Criminological research has, however, at the same time shown that there is no default effect of private technology on the ways in which the police go about their tasks. On the contrary, numerous studies have shown that police departments have considerable leeway when it comes to the ways in which new technologies are implemented into established cultures, routines, and processes.Footnote25 Technology might, in this sense, not produce the originally intended outcomes, or even be resisted internally.Footnote26 These are important points to consider for the analytical context of this article and the ways in which police departments actively resist and/or discontinue commercial predictive policing tools.

Besides power relations between state actors and private companies, the acknowledgement of the analytical importance of the individual/public in the literature on digital sovereignty is a second key theme in the context of this article. From a conceptual perspective, citizenship has always been predicated upon the assembly and mobilization of information about the population, enabling governments and state institutions to interact with citizens in targeted and individualized ways.Footnote27 The widespread production and availability of digital data has, however, profoundly transformed the significance of such information and its circulation – with unprecedented implications for the knowability and targetability of groups and individuals.Footnote28 Digital sovereignty in this context then also relates to the individual’s “ability or entitlement to steer data flows and/or to govern informational resources”Footnote29 about them.
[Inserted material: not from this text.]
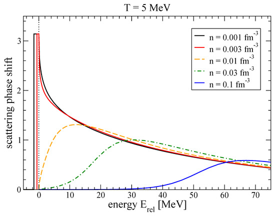 As an example let us consider the case . A consistent description of the medium effects should contain not only the mean-field shift of the quasiparticle energies but also the Pauli blocking, as shown in this work for conserving approximations. Within the generalized Beth-Uhlenbeck approach [12], Pauli blocking modifies the binding energy of the bound state (deuteron) in the isospin-singlet channel as well as the scattering phase shifts. The integrand of the intrinsic partition function is shown in Figure 3.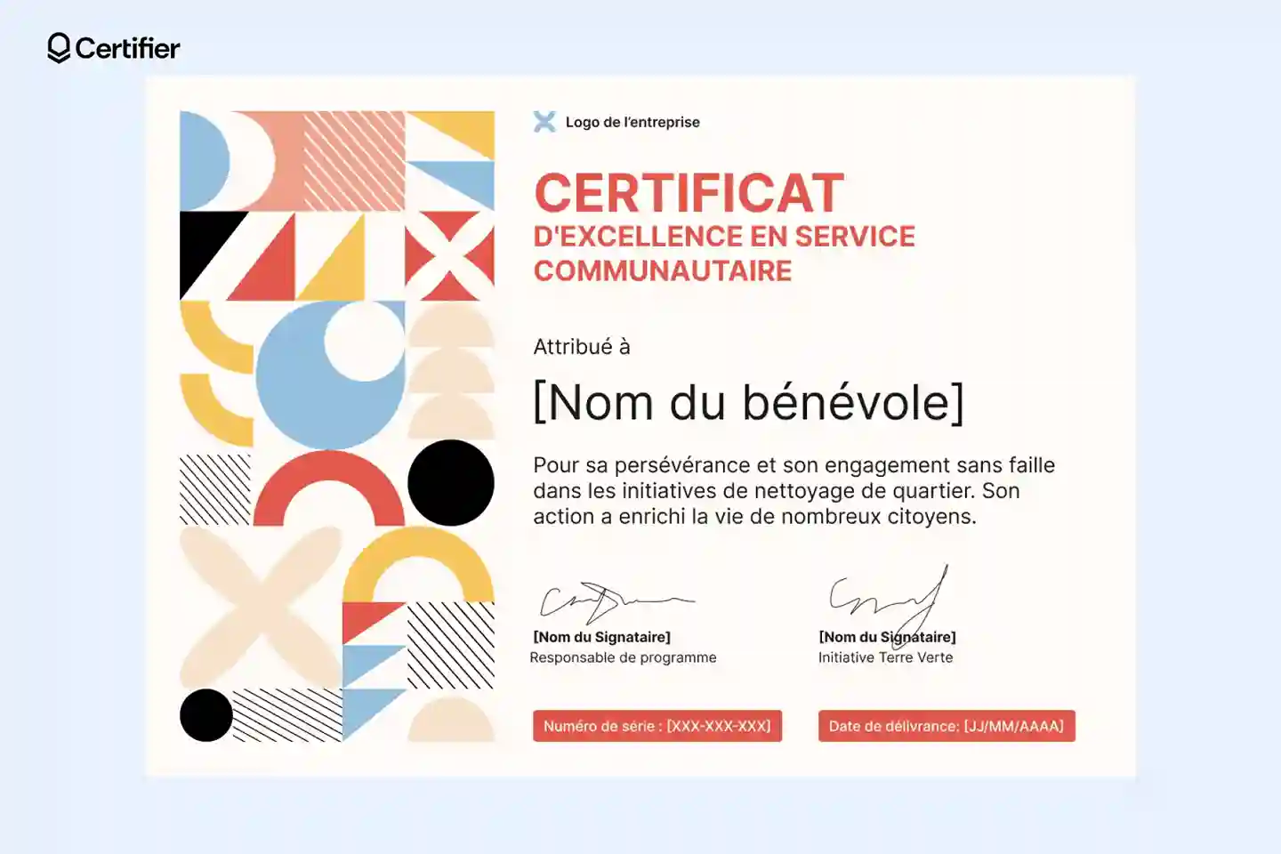 Comment ? En utilisant des modèles prêts à l'emploi. Inscrivez-vous dès aujourd'hui à Certifier pour créer, personnaliser et gérer rapidement et facilement vos certificats.

In other words, digital sovereignty pertains to the question who knows what about a particular person and what that person can do to control the sharing of information between state actors and private companies. This constellation, as will be explicated throughout the empirical analysis, is an important one in the context of police work, as the police by definition produce information about individuals and might by default share this information with third parties if they use private sector tools for data processing.

Data and methodology

The analysis presented in this article is based on qualitative empirical data gathered during a multi-year research project on the implementation and use of predictive policing among 12 police departments in Germany and Switzerland.Footnote30 Between 2016 and 2022, three types of data were gathered. First, a total of 69 semi-structured expert interviews with police officers (leadership, crime analysts, patrol officers) as well as industry representatives were conducted. Second, data were created through forms of participant observation, shadowing crime analysts during their work with predictive policing software and participating in several end user workshops and other professional events organized by industry companies and police departments. Third, a total of 375 documents (public and non-public domain) pertaining to legal frameworks, policy, implementation and use of predictive policing were collected. Non-public domain documents included white papers, instruction manuals, best practices guidelines, as well as personal communications.

The resulting data corpus was coded with qualitative content analysis software (MaxQDA) using an in-vivo coding approach, i.e. initial code categories were formed from the empirical material to break it down into thematic sections and subsequently re-aggregate them into cross-cutting themes and concepts. Coding was refined during multiple rounds, resulting in a code tree comprising 3,555 coded elements among 11 main categories and two levels of sub-categories. This structure was throughout the analysis for this article used to identify police-internal modes of reasoning against the use of private sector predictive policing technology. Throughout the empirical data, three main clusters of coded segments speak to this question: (1) concerns about data; (2) concerns about the lack of transparency; and (3) concerns about external accountability. The following empirical section presents a structured analysis of the viewpoints that respondents presented vis-à-vis these categories.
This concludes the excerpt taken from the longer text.